Researchers have developed an intracortical brain-computer interface (BCI) that could someday help paralyzed patients control devices such as wheelchairs and prostheses. They tested the technology in macaque monkeys and published the results in Science Advances.
Monkeys completed a series of tasks in a 3D virtual reality. Credit: Saussus et al., Science Advances 2026
The BCI system drew on neural signals from three regions of the macaque brain: the primary motor cortex and the dorsal and ventral premotor cortices, enabling more precise and flexible decoding of real-time 3D movements, marking an improvement over previous BCI systems.
The study used a complex 3D virtual reality environment with stereoscopic vision, featuring simulations of increasing complexity and unpredictability that mimicked real-life scenarios. The monkeys sat in a chair with their heads fixed and arms restrained, viewing a high-refresh-rate 3D screen. They wore shutter glasses synchronized with the display for stereoscopic vision, while infrared eye-tracking monitored their gaze at 500 Hz.
Beyond the primary motor cortex
The researchers implanted three rhesus macaque monkeys with Utah arrays, grids of tiny electrodes, in three distinct motor brain regions: the primary motor cortex (M1), the dorsal premotor cortex (PMd) and the ventral premotor cortex (PMv). Most prior BCIs have relied on the primary motor cortex alone. This decreases the quality of data as many regions beyond the primary motor cortex contribute unique motor outputs with movement-related information that is absent or difficult to resolve from M1 activity alone.
The researchers attempted to solve this problem by recording from two additional brain regions. The study found that PMv and PMd consistently outperformed M1 across tasks and monkeys. The combination of PMv and PMd often matched or even exceeded the “All” condition (balanced input from all three areas), suggesting a synergistic premotor contribution and underscoring M1’s limited independent contribution when premotor signals are available.
A companion study confirmed that PMv activity alone can support online cursor control at performance levels comparable to M1 or PMd. Input from this area may make it easier for patients to control a BCI because its cortical activity reflects high-level motor planning commands rather than the low-level execution signals in M1.
Additionally, in cases where the M1 is damaged, after a stroke, or in patients with ALS, it is important to be able to use activity from other cortical areas for BCI control.
Training through observation
In all tasks, the decoder was trained using data obtained during passive observation of movements in the VR environment. The monkey watches a movement on screen and the brain’s neural response to the observation was used to calibrate the decoder. This is crucial for paralyzed patients who can’t perform movements to train the system.
The BCI translated neural activity from the three motor cortical areas into real-time 3D velocities. The monkeys’ brain signals were continuously decoded into directional movement commands for a sphere or avatar in the VR environment.

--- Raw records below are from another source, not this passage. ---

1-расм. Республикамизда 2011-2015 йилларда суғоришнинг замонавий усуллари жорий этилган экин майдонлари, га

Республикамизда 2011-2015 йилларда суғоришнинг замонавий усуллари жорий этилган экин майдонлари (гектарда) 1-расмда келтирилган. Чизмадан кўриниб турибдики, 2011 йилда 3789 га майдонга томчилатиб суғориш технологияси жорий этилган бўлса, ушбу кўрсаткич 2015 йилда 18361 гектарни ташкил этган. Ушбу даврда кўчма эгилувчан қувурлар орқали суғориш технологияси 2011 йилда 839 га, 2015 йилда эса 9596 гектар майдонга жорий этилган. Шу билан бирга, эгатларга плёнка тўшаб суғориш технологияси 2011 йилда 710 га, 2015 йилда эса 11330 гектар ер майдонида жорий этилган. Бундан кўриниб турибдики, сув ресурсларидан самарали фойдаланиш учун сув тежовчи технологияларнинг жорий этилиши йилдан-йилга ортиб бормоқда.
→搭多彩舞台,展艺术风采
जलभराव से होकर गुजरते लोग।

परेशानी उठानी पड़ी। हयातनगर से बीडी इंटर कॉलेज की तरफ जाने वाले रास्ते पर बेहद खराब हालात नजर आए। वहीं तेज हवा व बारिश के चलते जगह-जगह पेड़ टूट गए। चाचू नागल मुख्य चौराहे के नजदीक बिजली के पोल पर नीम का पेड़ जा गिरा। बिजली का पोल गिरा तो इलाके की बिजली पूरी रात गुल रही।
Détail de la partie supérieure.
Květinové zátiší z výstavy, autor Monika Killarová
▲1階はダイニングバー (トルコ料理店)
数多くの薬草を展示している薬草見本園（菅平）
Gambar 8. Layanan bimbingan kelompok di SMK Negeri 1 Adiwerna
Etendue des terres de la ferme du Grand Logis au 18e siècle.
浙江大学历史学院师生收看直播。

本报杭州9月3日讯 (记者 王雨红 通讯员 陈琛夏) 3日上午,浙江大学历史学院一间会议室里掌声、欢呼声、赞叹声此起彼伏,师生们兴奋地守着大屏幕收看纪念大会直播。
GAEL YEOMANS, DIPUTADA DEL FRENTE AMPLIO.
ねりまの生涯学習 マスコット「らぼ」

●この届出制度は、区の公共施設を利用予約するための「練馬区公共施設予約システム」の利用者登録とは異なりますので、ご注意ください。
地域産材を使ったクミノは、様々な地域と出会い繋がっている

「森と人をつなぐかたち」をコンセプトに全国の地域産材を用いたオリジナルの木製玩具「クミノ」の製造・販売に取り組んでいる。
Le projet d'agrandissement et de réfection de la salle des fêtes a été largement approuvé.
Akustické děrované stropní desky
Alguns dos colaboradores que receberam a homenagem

The system operates in a closed-loop without retraining the decoder during online use, relying on the user’s own neural plasticity and the decoder’s robust generalization. The monkeys’ brains adapted to control the system, rather than the system constantly recalibrating to the brain.

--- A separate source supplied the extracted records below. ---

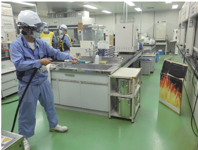
(移動式粉末消火設備の操作訓練の様子)

また、初期消火活動は重要ですが、消火作業中に熱いと感じたら決して無理をせず、その場から速やかに退避することが最優先であるとの教訓も学びました。
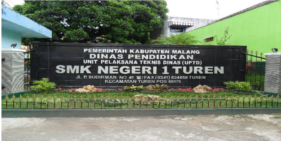
Depan Sekolah SMK Negeri 1 Turen
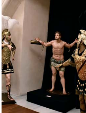
Algunas de las imágenes que podrán encontrarse en esta muestra.
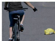
Attenzione, oggetto o buco sulla strada. Scansarlo!
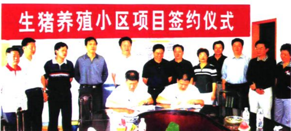
▲ 伟鸿5万头生猪养殖小区落户湘潭县梅林桥镇。图为签约仪式
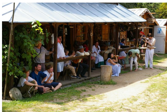
General Store Beaver City
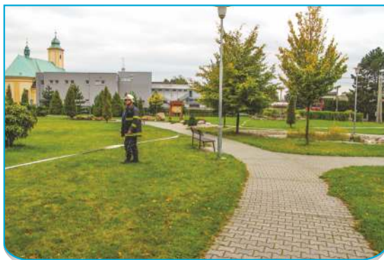
3. úsek vedení skrz park k PS12 JSDH Zábřeh
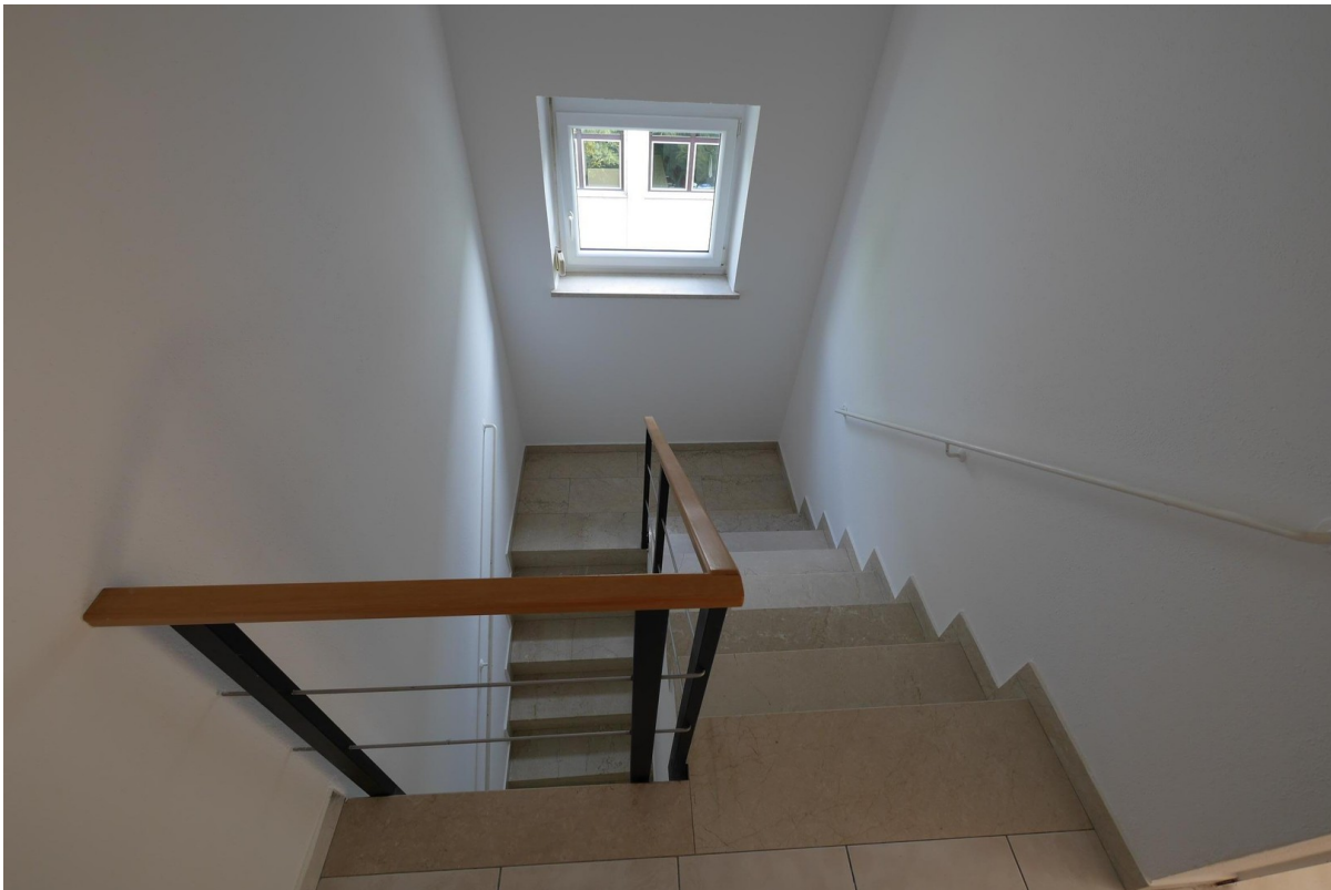
Treppe zwischen 1.&2.OG
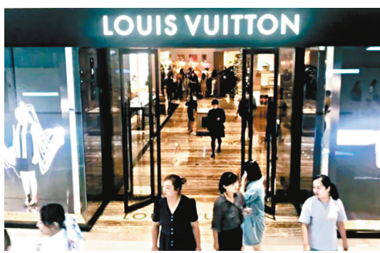
路易威登集團、普拉達和歷峰集團旗下的卡地亞20日表示，已合作開發一個全球區塊鏈平台，以助消費者更好地追蹤和驗證產品。
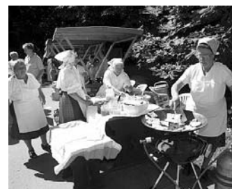
Lepénysütés közben a szadai asszonyok

The researchers designed five tasks to validate the system’s effectiveness, progressively testing whether the BCI could handle dynamic, unpredictable scenarios like obstacle avoidance.

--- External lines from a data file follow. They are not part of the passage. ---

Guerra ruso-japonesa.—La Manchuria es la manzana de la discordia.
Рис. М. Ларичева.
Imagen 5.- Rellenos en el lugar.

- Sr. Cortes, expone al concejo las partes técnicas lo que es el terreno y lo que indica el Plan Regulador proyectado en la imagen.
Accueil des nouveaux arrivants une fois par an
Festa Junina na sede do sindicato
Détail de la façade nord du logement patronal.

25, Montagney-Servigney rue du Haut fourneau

The setup used a dynamic camera tracking system in a realistic, immersive 3D VR environment, allowing continuous navigation and obstacle avoidance that mimicked real-world scenarios. The stereoscopic 3D display gave the monkeys genuine depth perception, an important improvement beyond 2D screens used in previous studies.
The BCI was specifically designed to be suitable for paralyzed patients. It requires only a brief passive fixation with no overt movements and operates in closed-loop without decoder retraining. The combination of passive calibration and self-adapting control marks a step towards BCIs in the real-world.